Société

Médias : la situation d’Africa n° 1 s’aggrave

Dans les studios parisiens d'Africa n° 1, début 2011. © Vincent Fournier, pour J.A.

La radio Africa n° 1 n'est plus diffusée sur le continent. En cause : l'actionnaire majoritaire LJBC, qui ne peut plus honorer ses engagements en raison de la crise libyenne. Explications.

Depuis deux semaines, Africa no 1 a cessé d’émettre sur le continent. Son signal a été une nouvelle fois suspendu par l’opérateur satellite Eutelsat, auquel la radio internationale gabonaise doit environ 200 millions de F CFA (environ 300 000 euros) de factures et de pénalités. La station continue cependant à être diffusée en Île-de-France.

Africa n° 1 a été créée en 1981 par l’État gabonais, avec la participation d’un holding français, Sofirad, et d’investisseurs privés. Depuis 2006, elle est entrée dans une phase de re­structuration marquée par l’arrivée de la Libyan Jamahiriya Broadcasting Corporation (LJBC), désormais actionnaire principal à hauteur de 52 %, alors que le Gabon détient 35 % des parts, le reste revenant à des privés.

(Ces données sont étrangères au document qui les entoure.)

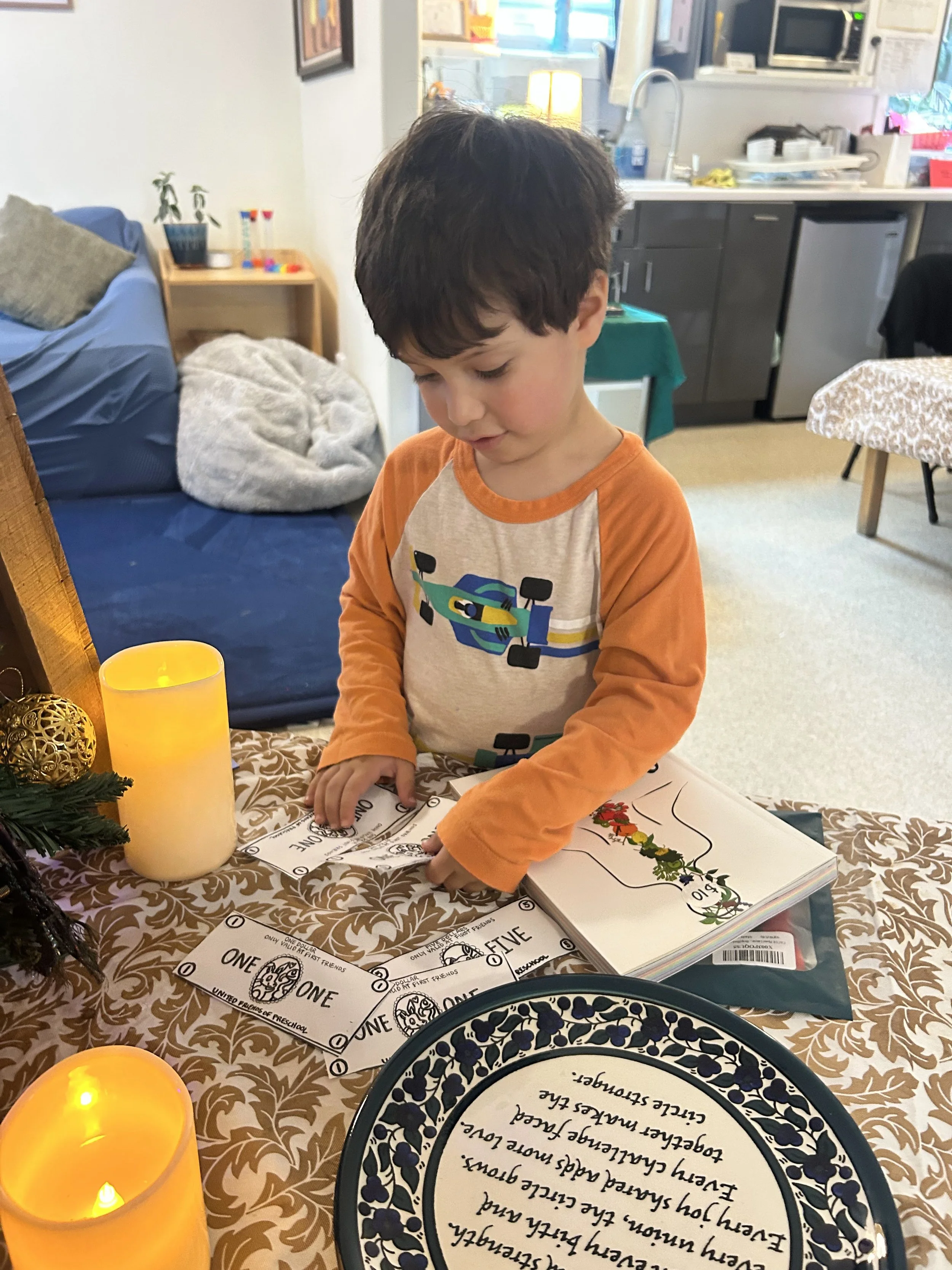 As the holiday season ramped up in our community, we strived to embrace the winter wonder and bring it into the classroom. We decorated our mudroom with holiday lights and asked each child to share their favorite thing about winter for our gallery wall. We continued to bring winter themes into our classroom projects and children created a variety of ornaments using cool-colored paints and snow-like glitter, to hang in our mudroom and eventually take home. Our miniature Christmas tree, adorned by the children, and our menorah became a part of our everyday environment. All of the work we put into creating a “winter wonderland” at school contributed to the children’s sense of belonging and connection. It fostered their sense of connection by giving them a universal link to each other and our community.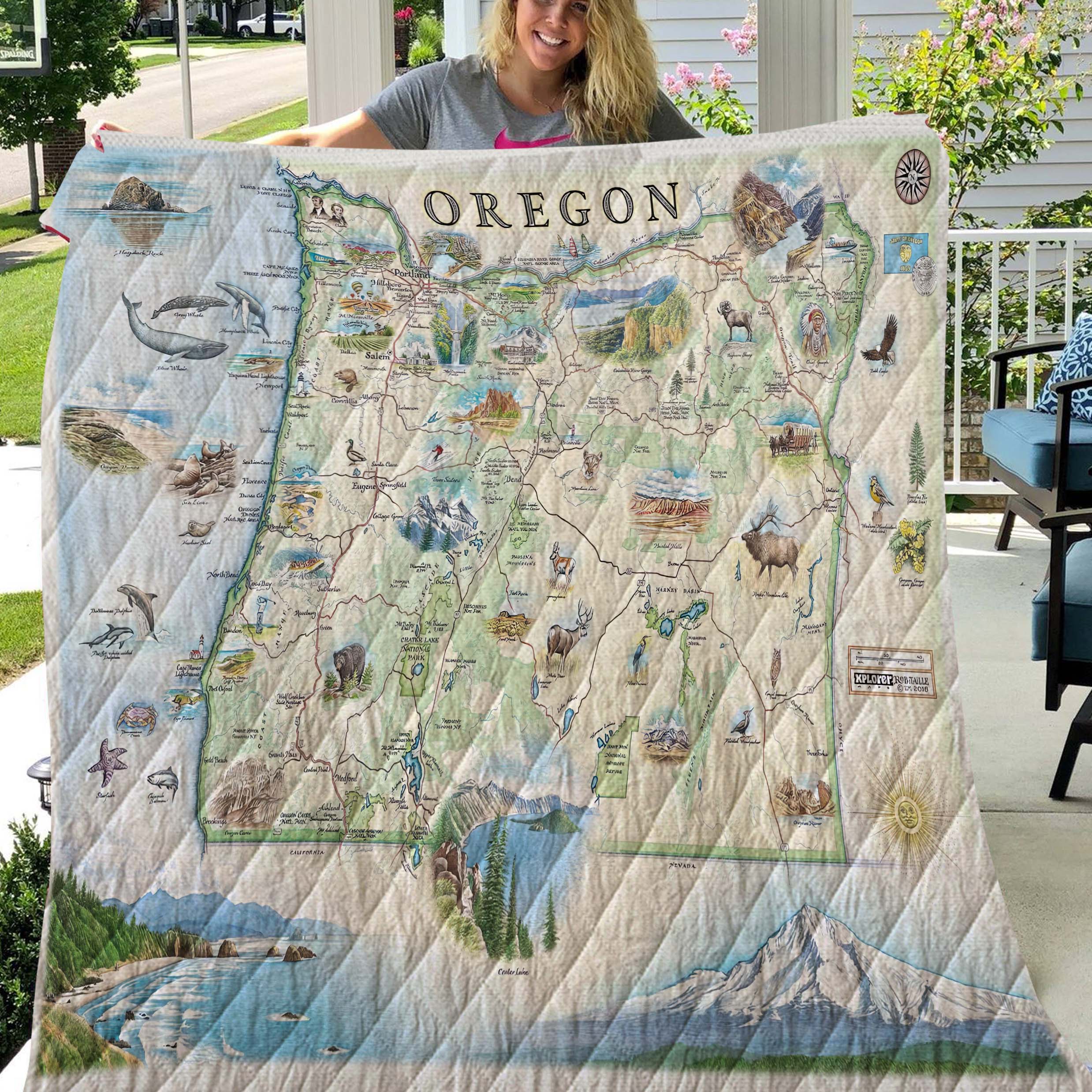 Oregon State Park Map Blanket, Gift For Travelers, Outdoor Gift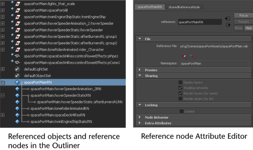 After you create a file reference, it is loaded in the scene and its reference node appears in the

Le 4 mai, le conseil d’administration de l’entreprise s’est réuni à Libreville. Selon le compte rendu qui a été fait au personnel, LJBC, organisme dépendant du gouvernement libyen, n’est plus en mesure d’honorer ses engagements. Raison invoquée : la guerre en Libye rend toute transaction financière avec l’extérieur impossible. L’État gabonais a promis de payer son dû à Eutelsat, afin que « les émissions reprennent dans les prochains jours », confie un cadre de la radio.